Input =>
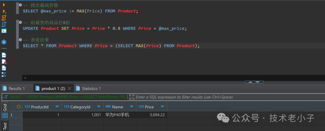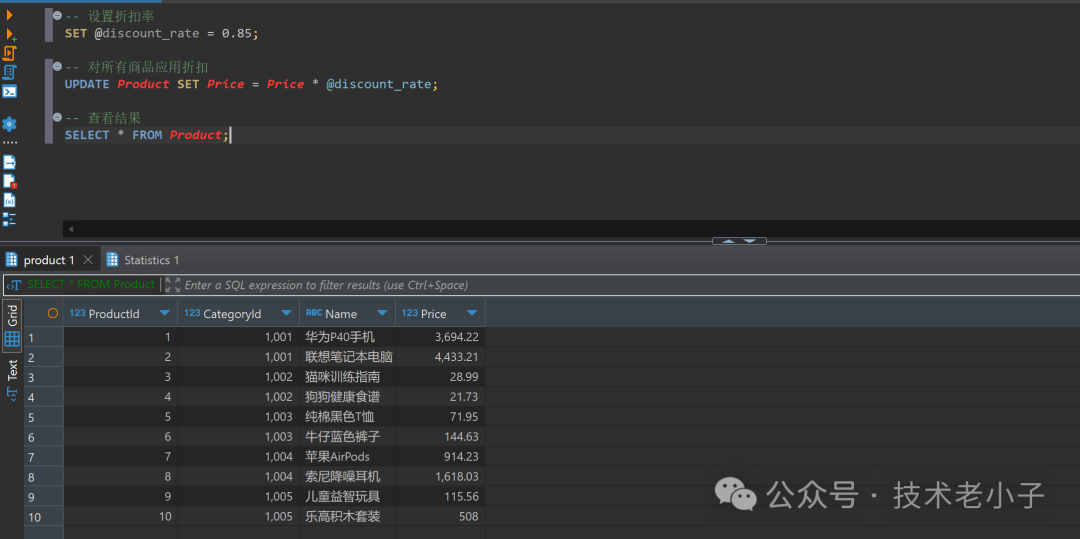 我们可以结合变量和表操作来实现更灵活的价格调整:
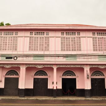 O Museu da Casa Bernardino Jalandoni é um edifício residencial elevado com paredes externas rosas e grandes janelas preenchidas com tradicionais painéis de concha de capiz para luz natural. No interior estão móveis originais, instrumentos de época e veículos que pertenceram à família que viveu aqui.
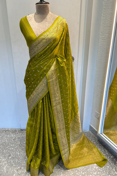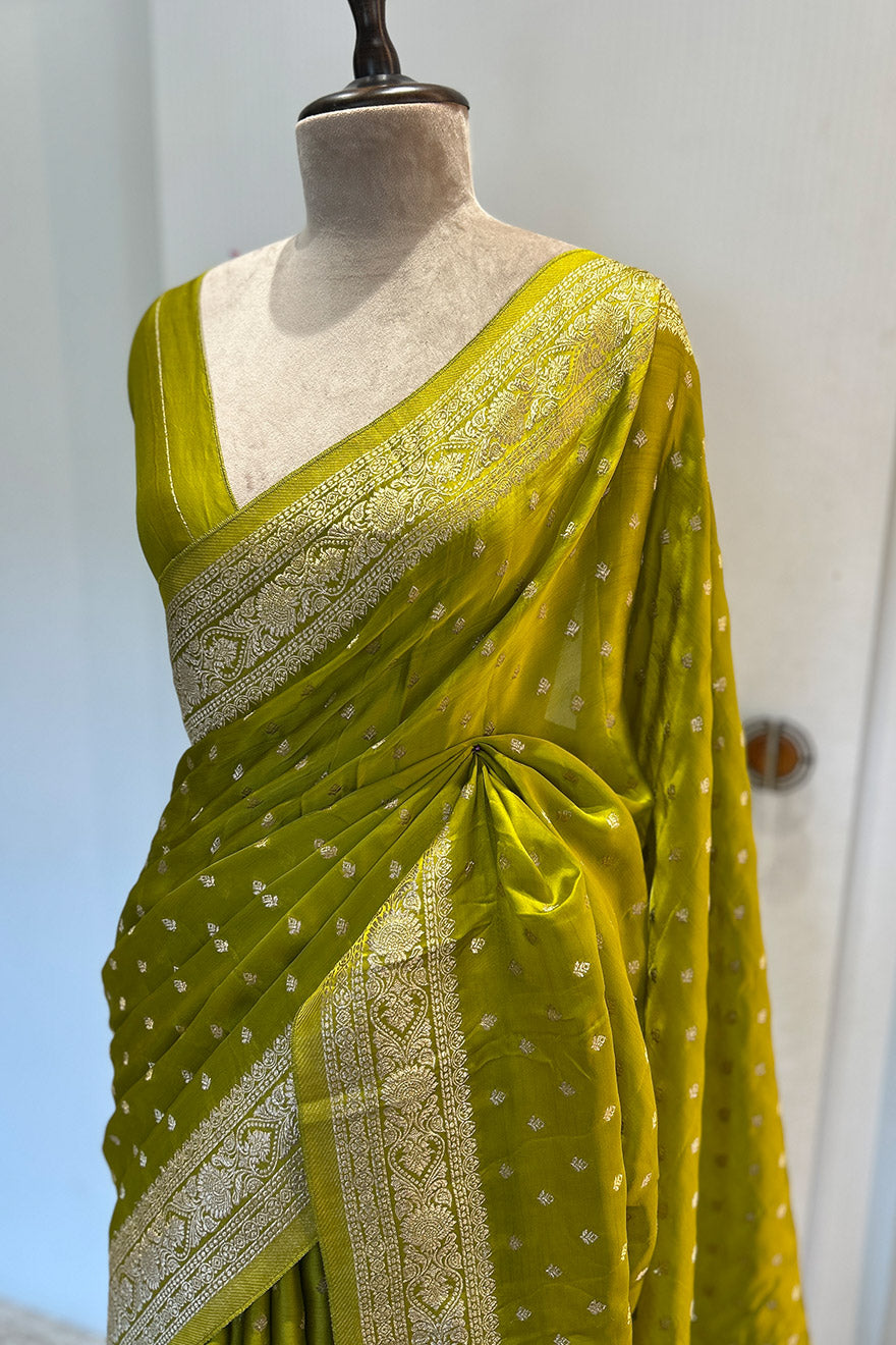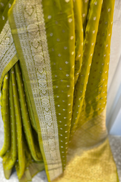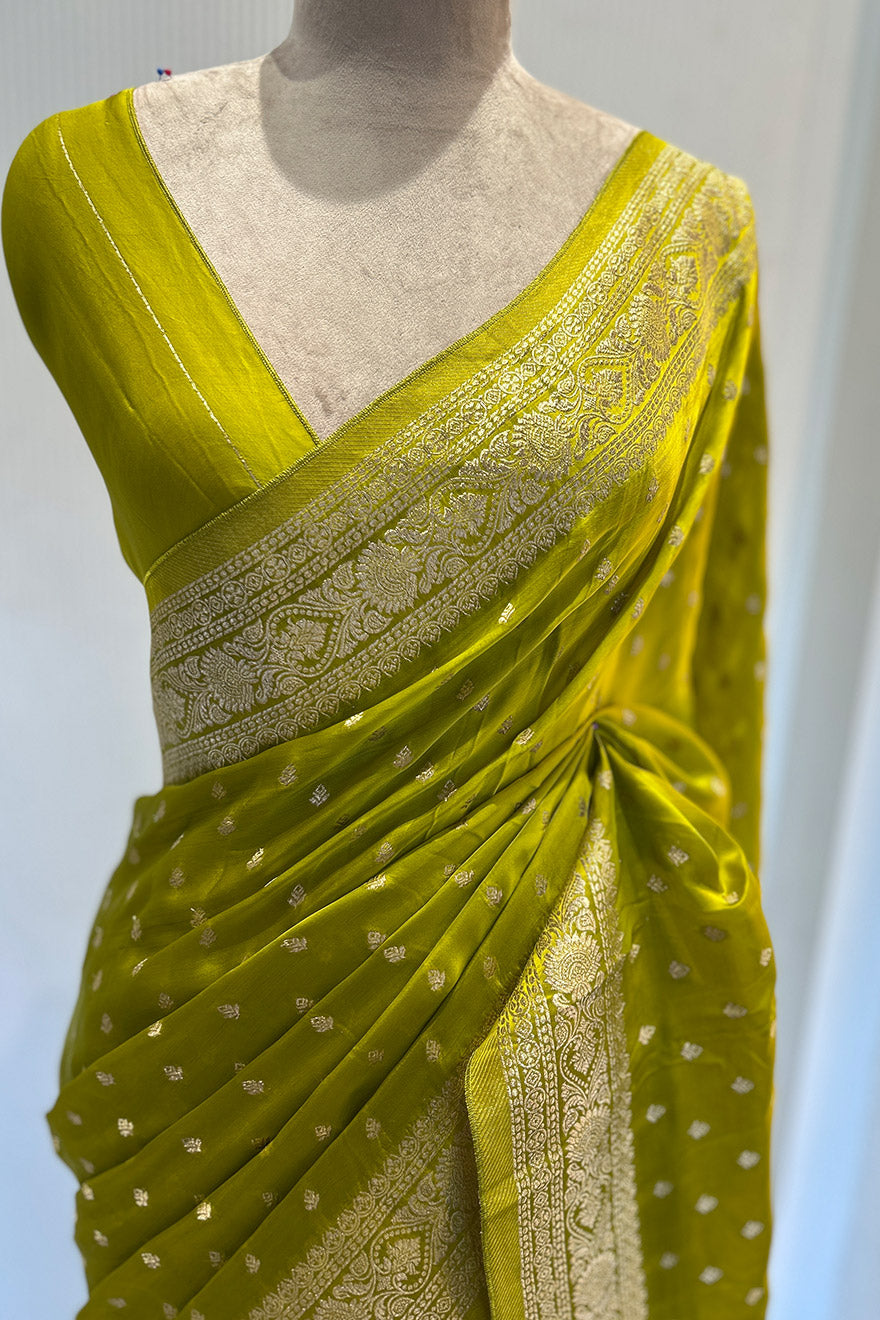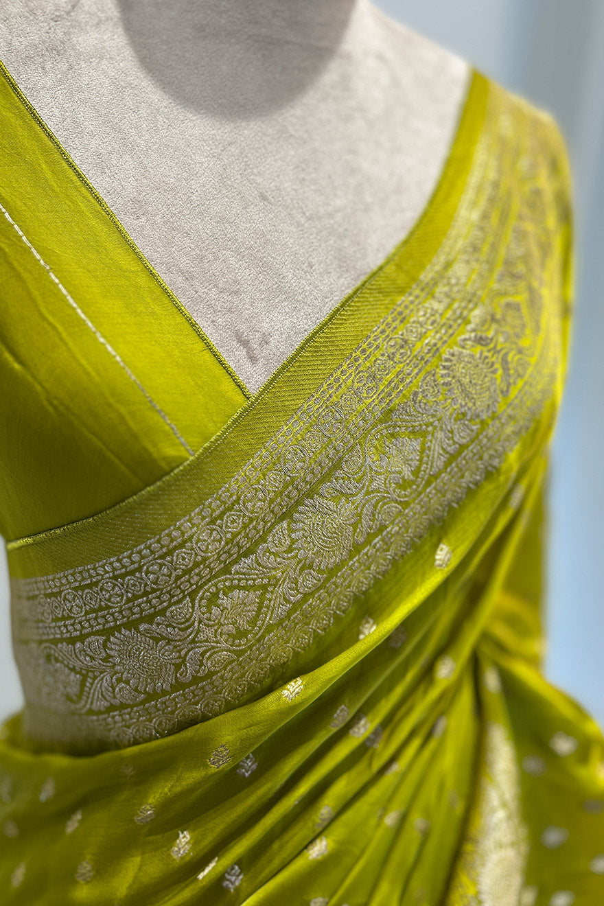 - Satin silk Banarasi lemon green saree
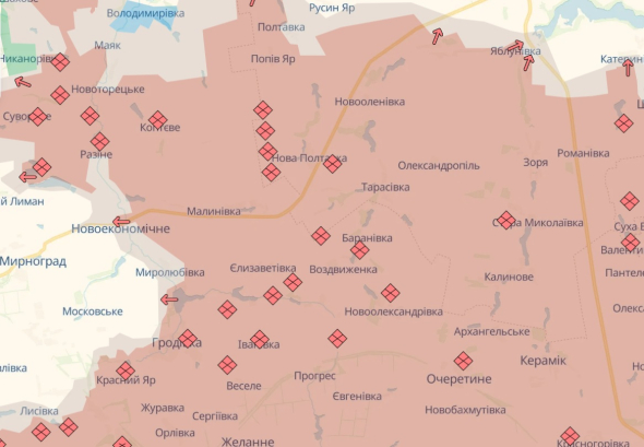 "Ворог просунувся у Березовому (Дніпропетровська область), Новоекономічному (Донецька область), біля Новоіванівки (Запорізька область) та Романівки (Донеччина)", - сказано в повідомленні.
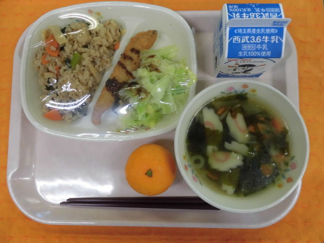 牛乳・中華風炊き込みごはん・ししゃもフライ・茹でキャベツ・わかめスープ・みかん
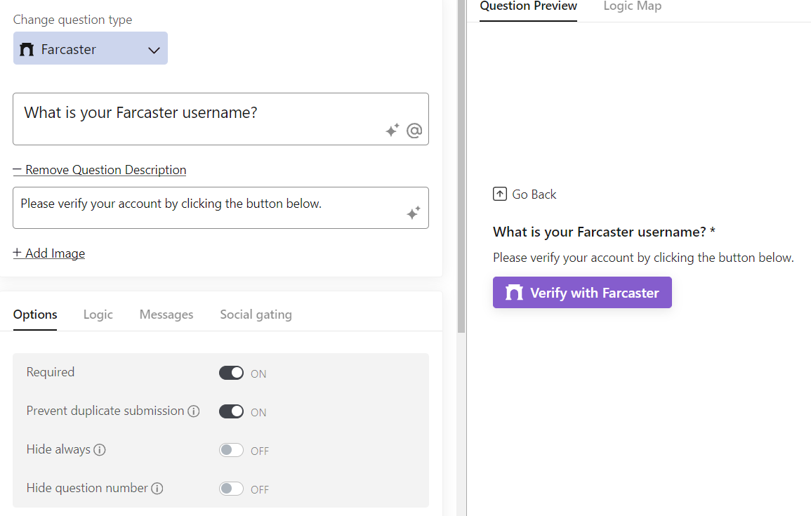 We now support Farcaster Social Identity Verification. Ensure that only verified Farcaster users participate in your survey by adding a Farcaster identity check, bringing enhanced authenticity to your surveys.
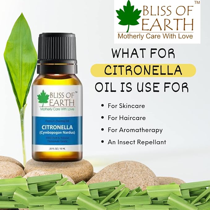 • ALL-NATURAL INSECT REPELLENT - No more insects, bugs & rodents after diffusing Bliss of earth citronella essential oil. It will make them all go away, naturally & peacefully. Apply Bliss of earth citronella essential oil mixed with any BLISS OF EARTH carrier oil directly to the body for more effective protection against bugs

Work required =>
Look above for the line with "O Museu da Casa" and the line with "- Satin silk Banarasi lemon green saree", then restate exactly those two lines and all lines between them, with no pictures.

Answer box =>
 O Museu da Casa Bernardino Jalandoni é um edifício residencial elevado com paredes externas rosas e grandes janelas preenchidas com tradicionais painéis de concha de capiz para luz natural. No interior estão móveis originais, instrumentos de época e veículos que pertenceram à família que viveu aqui.
 - Satin silk Banarasi lemon green saree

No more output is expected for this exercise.